Pero tampoco existe hoy una vía unilateral, sencilla y reconocida para que el Gobierno escocés convoque un referéndum y ejecute posteriormente la independencia por su cuenta.
Para llegar a una Escocia independiente tendrían que encadenarse varios acontecimientos:
primero, romper el bloqueo político con Westminster;
después, establecer una base legal para la votación;
después, ganar el referéndum;
y después negociar cómo convertir el resultado de una papeleta en un nuevo Estado.
Por eso quizá llevamos años formulando mal la pregunta.
La gran incógnita no es solamente si el sí podría ganar otro referéndum.
Antes existe otra mucho más inmediata:
¿qué tendría que ocurrir para que ese referéndum llegue siquiera a celebrarse?
Y hoy, en 2026, nadie tiene una respuesta definitiva.
Preguntas frecuentes sobre la independencia de Escocia
¿Puede Escocia convocar unilateralmente un referéndum de independencia?
No bajo el marco jurídico actual.
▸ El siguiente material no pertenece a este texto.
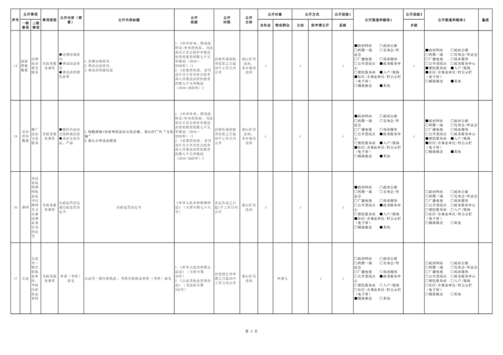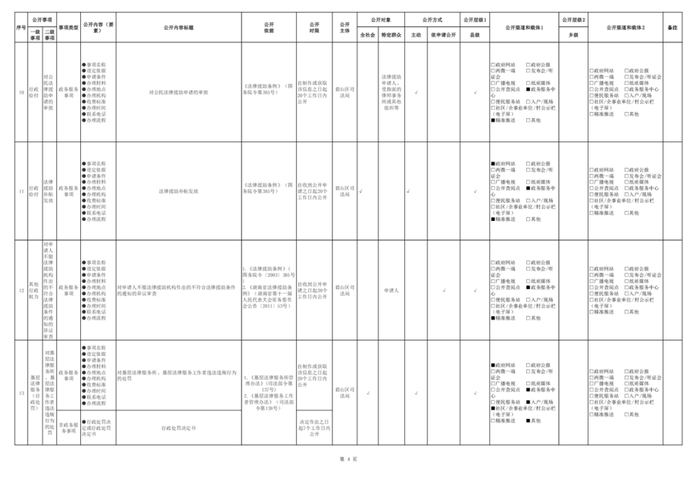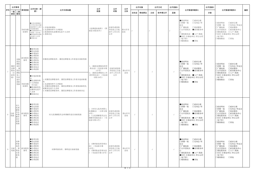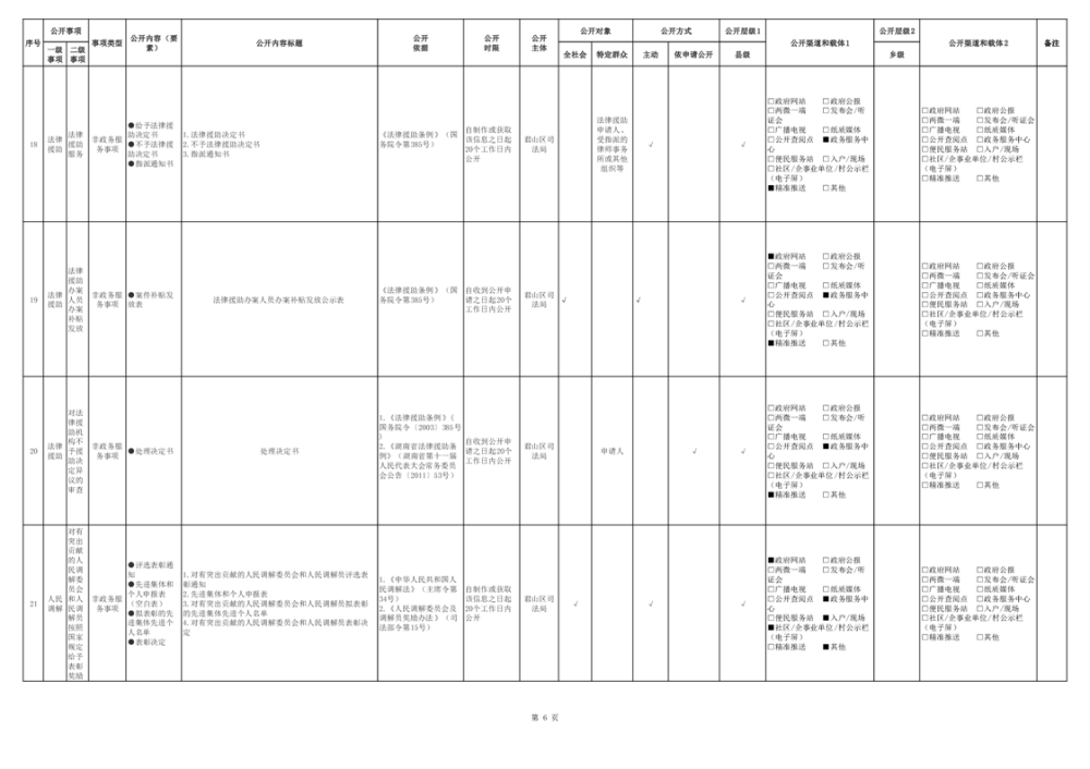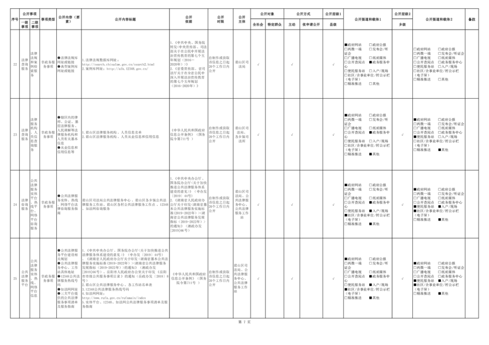 君山區(qū)公共法律服務(wù)領(lǐng)域基層政務(wù)公開標準目錄

El Tribunal Supremo del Reino Unido resolvió en 2022 que un proyecto de referéndum escocés, incluso si fuera consultivo, estaría relacionado con materias reservadas al Parlamento británico.
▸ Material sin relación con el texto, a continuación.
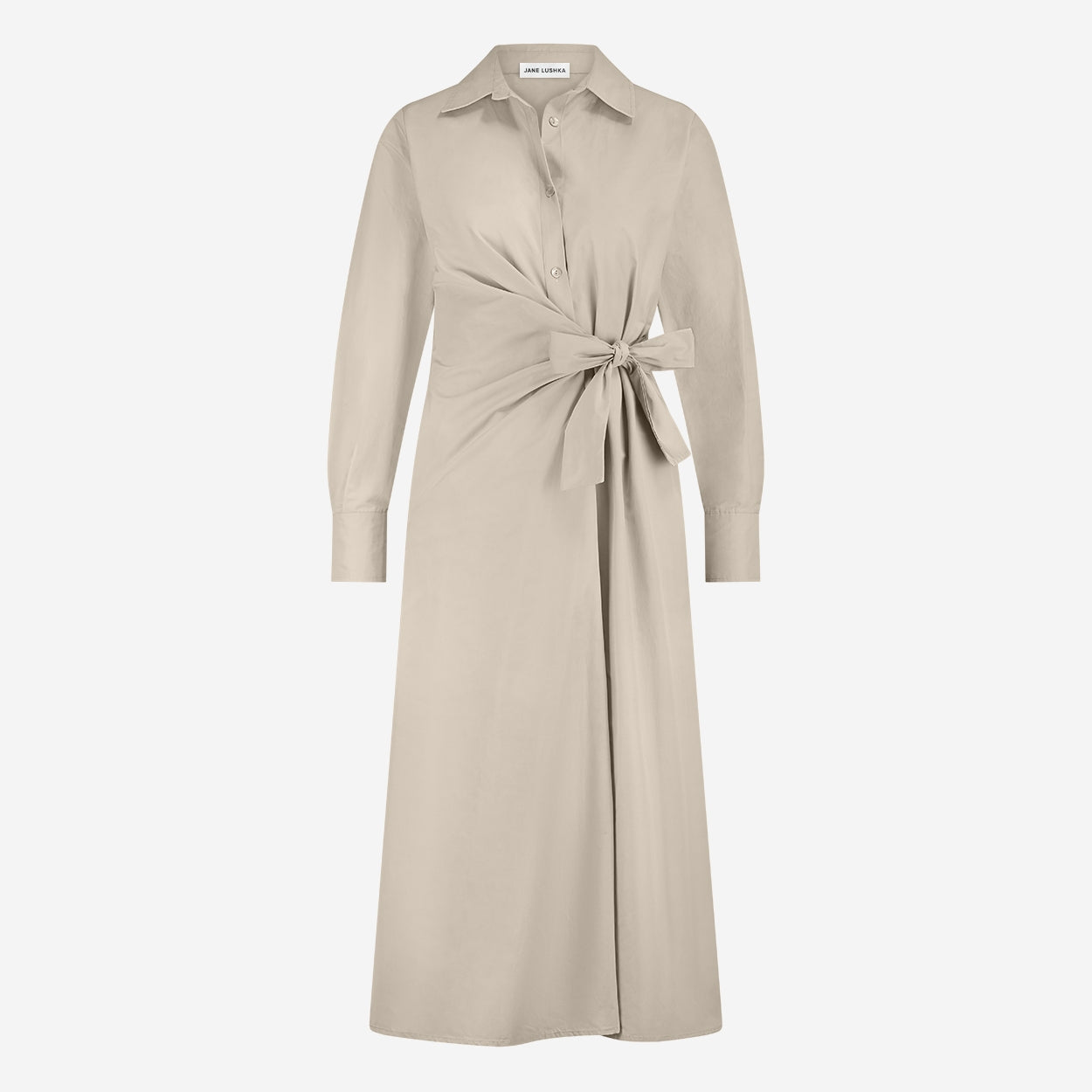 L’abito Edyta Taffeta unisce l’eleganza classica dell’abito camicia a dettagli scultorei moderni. Realizzato in taffetà di cotone misto, presenta un colletto camicia, una chiusura con bottoni nascosti e un dettaglio asimmetrico a torsione che crea un drappeggio valorizzante in vita. La lunghezza midi e le maniche lunghe lo rendono versatile per ufficio e serate.

¿Por qué sí pudo celebrarse el referéndum de 2014?
Porque los gobiernos británico y escocés llegaron a un acuerdo y Westminster transfirió temporalmente a Holyrood la competencia necesaria mediante una Section 30 Order.
¿Hay mayoría independentista en el Parlamento escocés?
Sí. Tras las elecciones de mayo de 2026, SNP y Verdes suman 73 de los 129 escaños de Holyrood. Eso representa una mayoría parlamentaria de partidos favorables a la independencia, aunque no equivale automáticamente a afirmar que el 73/129 del electorado quiere separarse del Reino Unido.
¿Otro referéndum está previsto actualmente?
No. El Parlamento escocés volvió a pedir en mayo de 2026 los poderes necesarios, pero el Gobierno británico mantiene su negativa. El primer ministro Andy Burnham afirmó en julio que otro referéndum estaba fuera de los planes de su Gobierno.
¿Una Escocia independiente entraría automáticamente en la UE?
No. Tendría que solicitar la adhesión como Estado europeo bajo el procedimiento del artículo 49 y conseguir finalmente el acuerdo requerido de las instituciones y Estados miembros de la Unión.